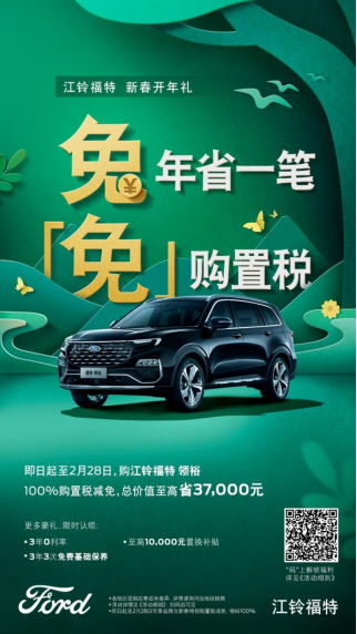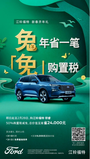 ? 面對汽車行業(yè)購置稅補貼政策已終止的情況,江鈴福特科技誠意不減!江鈴福特科技推出“兔年省一筆 免購置稅”新春開年禮活動。
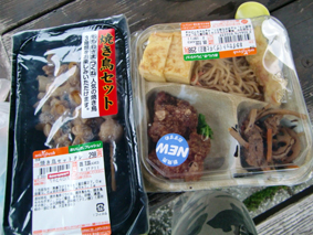今夜のメニューは?? って、いつもと変わらない「おかずセット」 でも、去年よりお総菜の種類が増えていたね。 セイコーマートもがんばっているんだ・・・ |
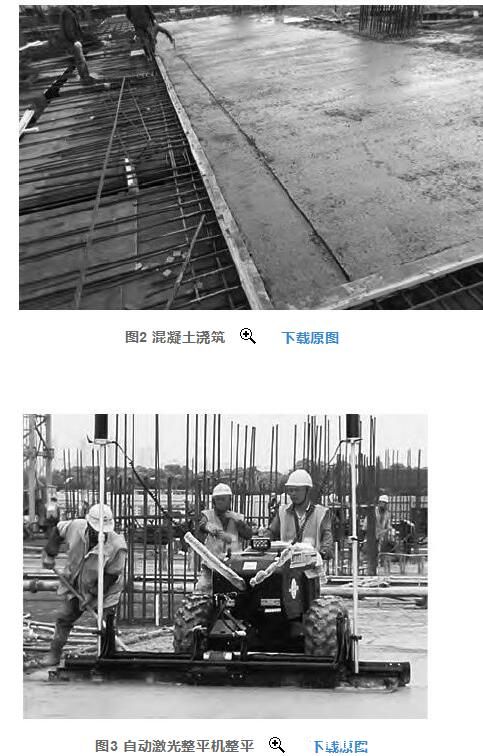混凝土樓板人工攤鋪平整, 振搗密實后, 采用自動激光整平機(jī)整平 (圖3) 。
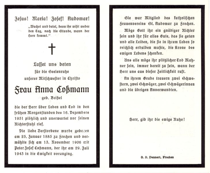 | ∞ 13.11.1906 mit Peter Josef Coßmann, 29.07.1943 †; |

Task requirements: Retype the whole listing exactly. Do not include the pictures.

Response area:
 ? 面對汽車行業(yè)購置稅補貼政策已終止的情況,江鈴福特科技誠意不減!江鈴福特科技推出“兔年省一筆 免購置稅”新春開年禮活動。
今夜のメニューは?? って、いつもと変わらない「おかずセット」 でも、去年よりお総菜の種類が増えていたね。 セイコーマートもがんばっているんだ・・・ |
混凝土樓板人工攤鋪平整, 振搗密實后, 采用自動激光整平機(jī)整平 (圖3) 。
 | ∞ 13.11.1906 mit Peter Josef Coßmann, 29.07.1943 †; |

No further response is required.